9 thoughts on “Jurista cobra providências de Fachin contra exploração dos pobres em apostas “Bet”

  1. Paradoxo.

    Oxímoro.

    Um país cheio de Bets.

    E sem Cassino.

    (…)

    As Bets ganham no atacado, explorando não apenas os mais pobres, mas os mais tolos.

    Seria preferível voltarem os grandes cassinos.

    Temos vocação turística para isso.

    Com shows e entretenimento para que. pode arriscar, sem sacrificar a saúde financeira.

    Ninguém no exterior entende a razão para o Brasil não ter os maiores e melhores cassinos do mundo.

    Temos uma casta riquíssima e que torra dinheiro em nossa enorme desigualdade e exploração nacional e histórica, que pode frequentar cassinos e pagar e realmente se divertir aqui, como já faz o tempo todo lá fora.

    As Bets são tristes do início ao fim.

    Como joguinho do celular, melhor voltar com o Tetris , com o Candycrush e com o jogo da cobrinha.

    Drogas e outros vícios custam caro.

    Não só ao indivíduo.

    Mas a toda a sociedade.

    • É o Poze do Rodo

      A cara do crime

      Ela fala que quer crime e eu sou criminoso

      Ela é da Zona Sul e eu sou cria do Rodo

      É o bonde do Tigrinho?

      É a Bet do Tigrão!!

      Narcotráfico Lavadão!!

      Tá dominado!

      Tá tudo dominado!

      Vai, trouxinha

      Viciado

      Empobrecido

      Até o chão!

      Cadê

      O grito da Galeraaa!!

  2. Boa tarde, as chamadas Bets estão destruindo vidas e devastando famílias.

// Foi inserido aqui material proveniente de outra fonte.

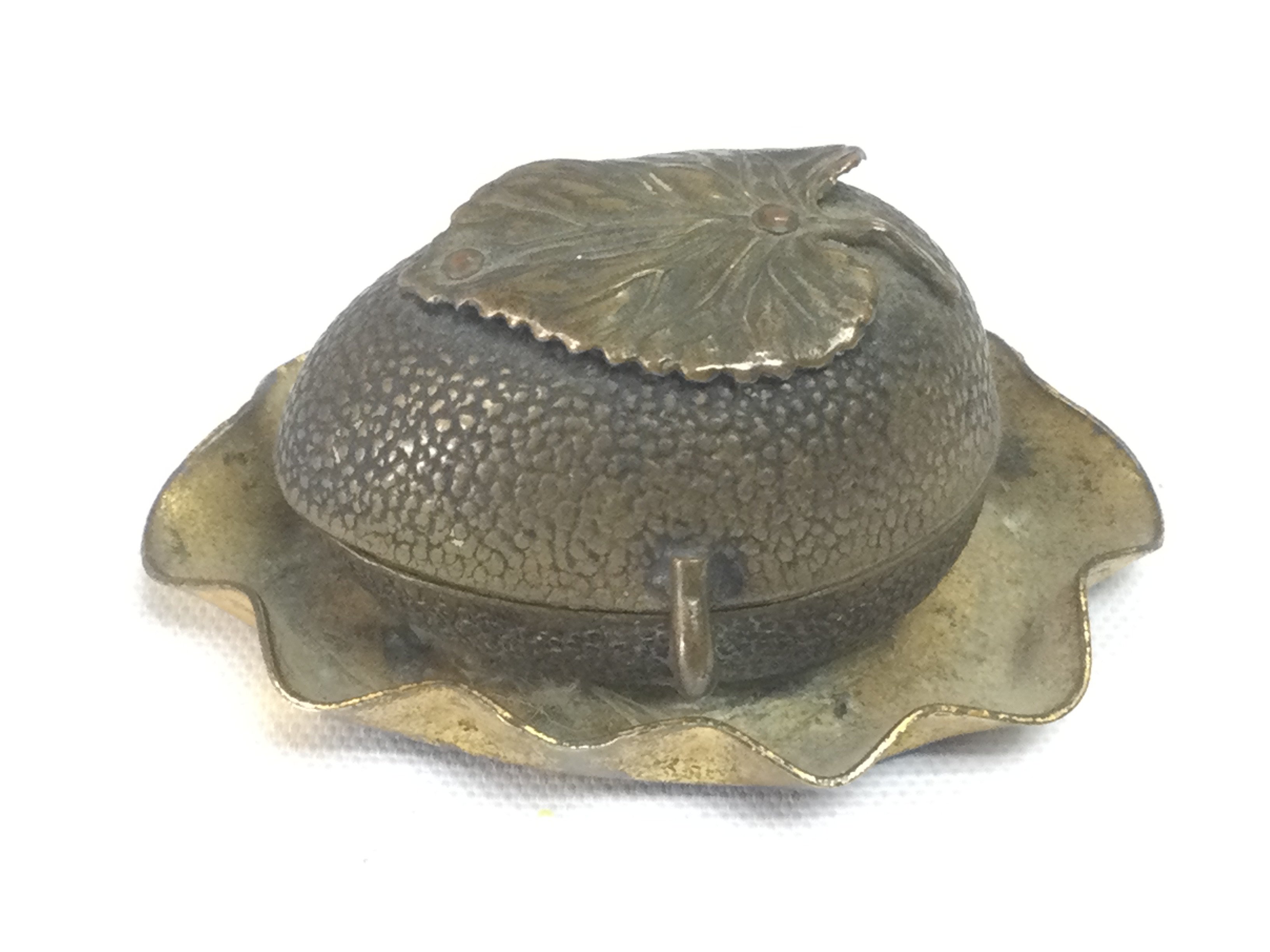 A small brass thimble case in the form of a nut, approx length 4.5cm. Shipping category A.

O PT está fazendo qualquer coisa para aumentar a arrecadação e assim poder distribuir mais benesses aos eleitores de baixa renda então por isso liberaram as Bets que pagam milhões em impostos. De nada está adiantando pois a expansão da moeda circulante está corroendo o poder de compra da moeda e TODOS estão percebendo isso quando vão aos supermercados. Para conter a inflação gerada pela enxurrada de dinheiro em circulação o governo paga juros exorbitantes para rolar sua (nossa) dívida trilionária o que faz com que pessoas físicas e empresas que tomam ou tomaram crédito estejam QUEBRADAS!! Sou totalmente contra a expansão monetária e principalmente a expansão do gasto público pois antes de aumentar o gasto o governo ou os governos devem acabar com o desperdício cortando TUDO que for desnecessário ou excessivo. Eu começaria vendendo TODOS os jatinhos da FAB. Só haveria aeronaves para serviços essenciais das forças de segurança e salvamento por exemplo. Ou acabam com asBets ou ela acabará com os brasileiros!!!

  3. Lula perdeu a aposta: o endividamento das famílias explodiu

    Com a alta do endividamento, subiu o nível da empulhação

    O nível de endividamento das famílias cresceu, e esse pode ser um dos fatores que erodem a popularidade de Lula.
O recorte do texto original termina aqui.